- **Task goal**
Leaving out all pictures, reproduce the entries below exactly, from the first line through the line that contains "Naczepa z koparką".

- **Stored items from a collection**

___

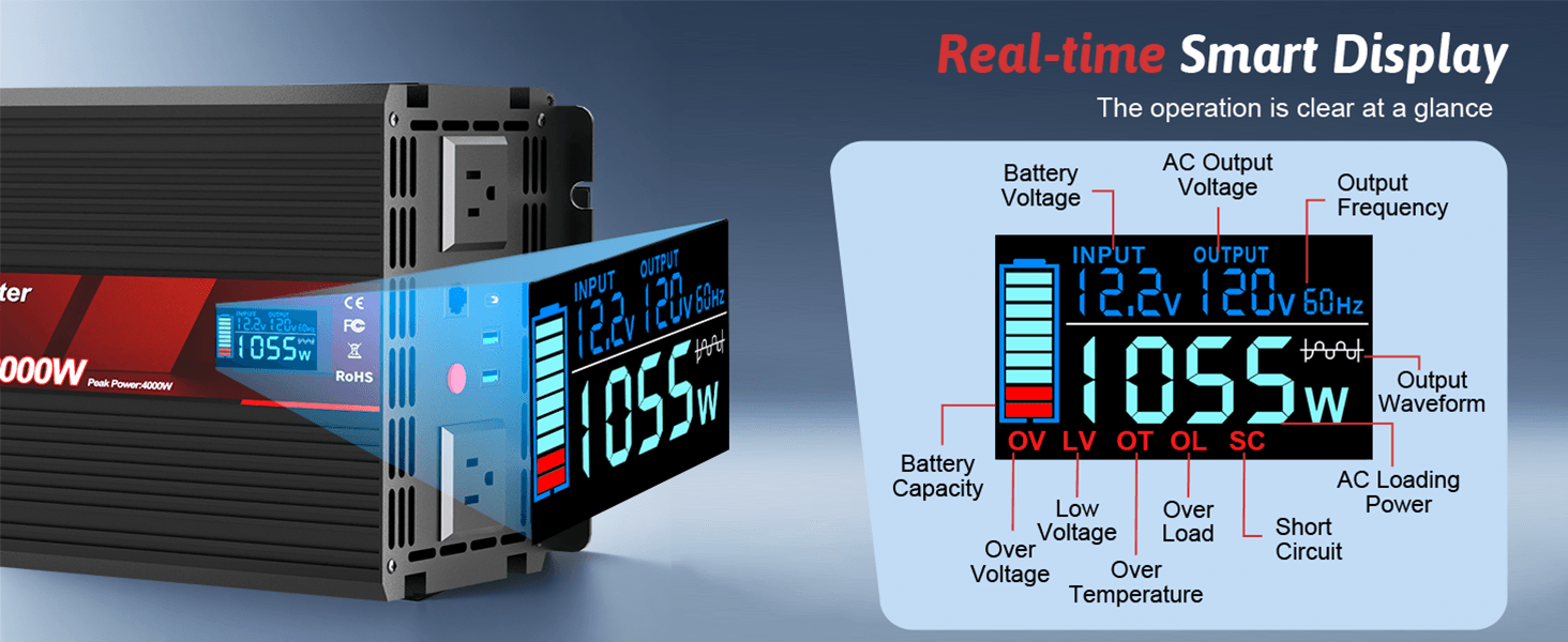 答: 逆变器是电源转换器。它是将蓄电池直流(DC)电转换为交流电(AC). 应用广泛,使用简单,常用于车载用,船舶,野营户外,光伏项目,家用办公等等。
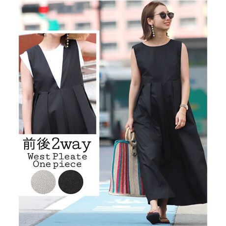 コカの薄手素材前後2wayウエストプリーツワンピースcocaオリジナル
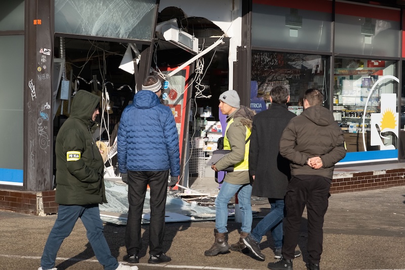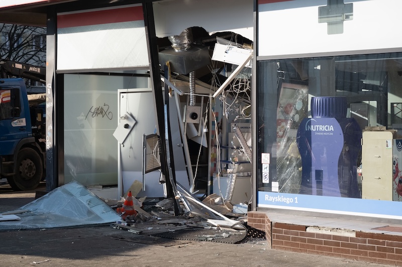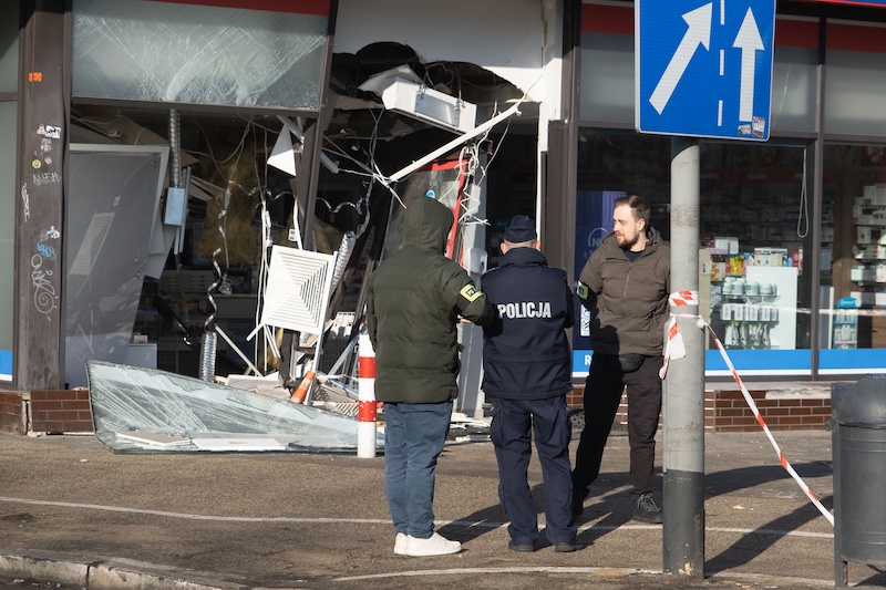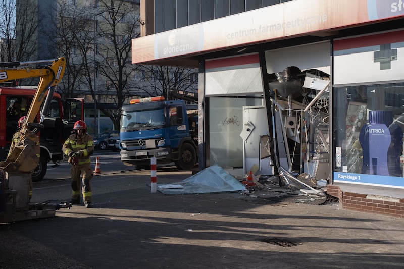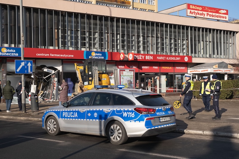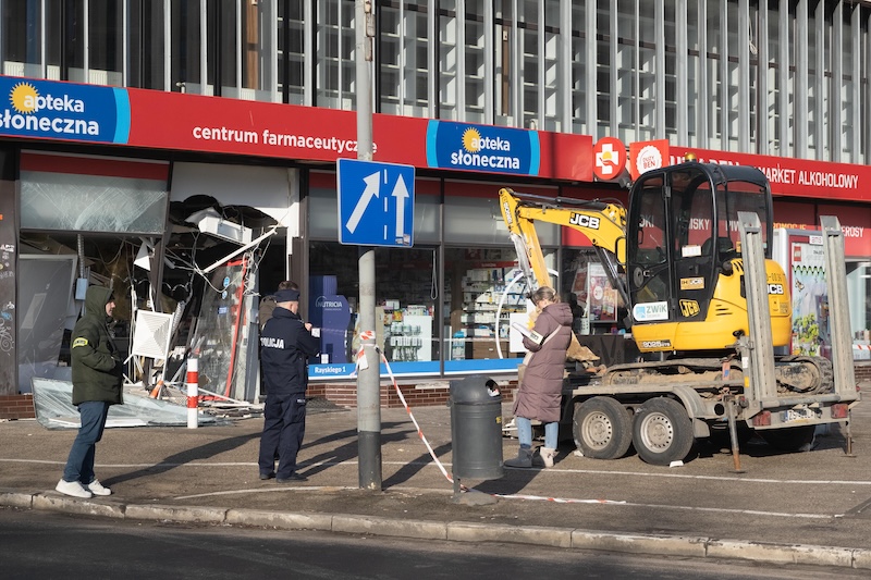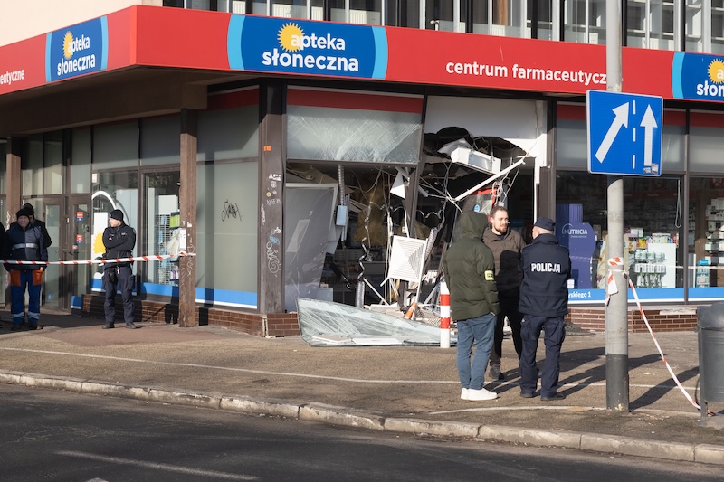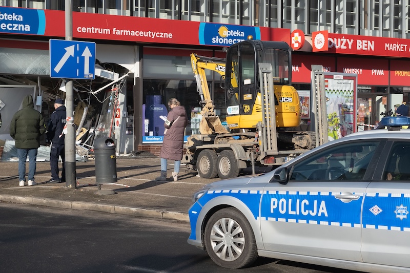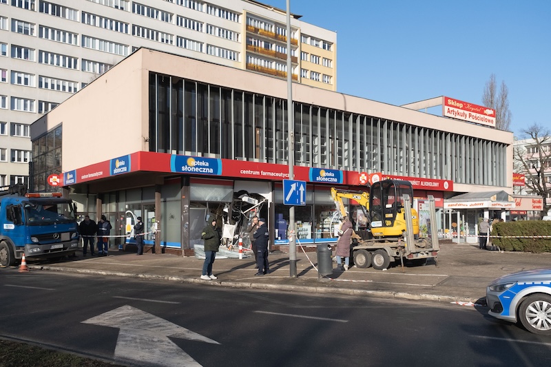 Naczepa z koparką odczepiła się od pojazdu i wjechała w aptekę na ul. Rayskiego w Szczecinie (budynek dawnego Cezasu). Do zdarzenia doszło w czwartek 26 lutego ok. godz. 8.
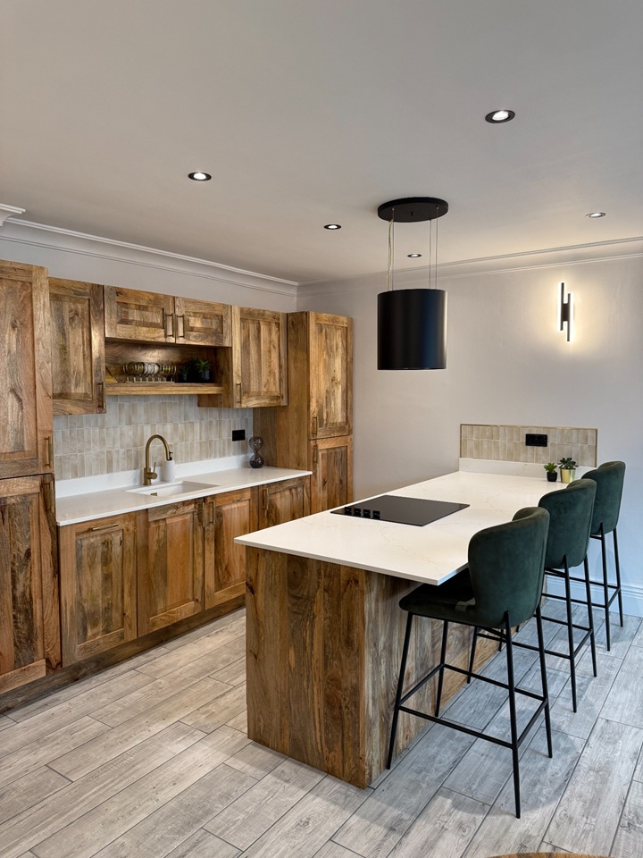 The Open-Plan Kitchen/Living space is large, fully furnished with a new L-shaped sofa, and features a functional kitchen island. The space boasts solid mango wood kitchen and furniture, complemented by modern black accents and fittings, and benefits from a quartz worktop. Includes an Integrated Washer Dryer and Dishwasher.
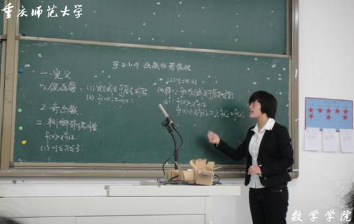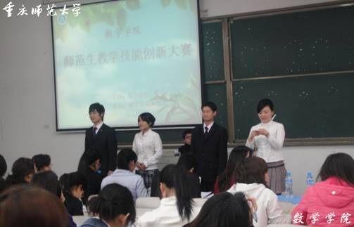 本次大赛分为即兴演讲、模拟授课、综合知识问答三个环节。12名选手胸有成竹踏上讲台,独具风格的演讲,熟练大方的授课,沉着冷静的答辩,赢得台下同学的阵阵掌声。10号选手陈超从“鸡兔同笼”讲起,设计新颖的数学活动环节,引出新课标情感教育的精髓,声情并茂,妙语连珠,获得比赛的最高分。5号选手杨岚带领大家一起用发现美的眼睛领略黄金分割的奥妙,从五角星、芭蕾舞演员,到断臂维纳斯,感受黄金分割在生活中的独特魅力。最后,陈超、傅佳、杨岚、刘强、隆小霞荣膺本次大赛前五名。
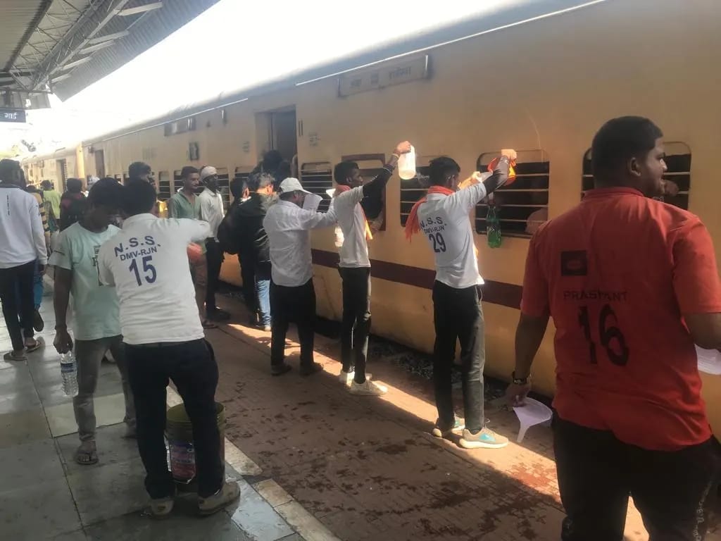 राजनांदगांव। राष्ट्रीय सेवा योजना दिग्विजय महाविद्यालय राजनांदगांव के स्वयंसेवियों द्वारा ट्रेन में यात्रा कर रहे लोगो को निशुल्क ठंडा पानी पिलाने का सेवा कार्य किया जा रहा है।

___

- **Exercise result**
 答: 逆变器是电源转换器。它是将蓄电池直流(DC)电转换为交流电(AC). 应用广泛,使用简单,常用于车载用,船舶,野营户外,光伏项目,家用办公等等。
 コカの薄手素材前後2wayウエストプリーツワンピースcocaオリジナル
 Naczepa z koparką odczepiła się od pojazdu i wjechała w aptekę na ul. Rayskiego w Szczecinie (budynek dawnego Cezasu). Do zdarzenia doszło w czwartek 26 lutego ok. godz. 8.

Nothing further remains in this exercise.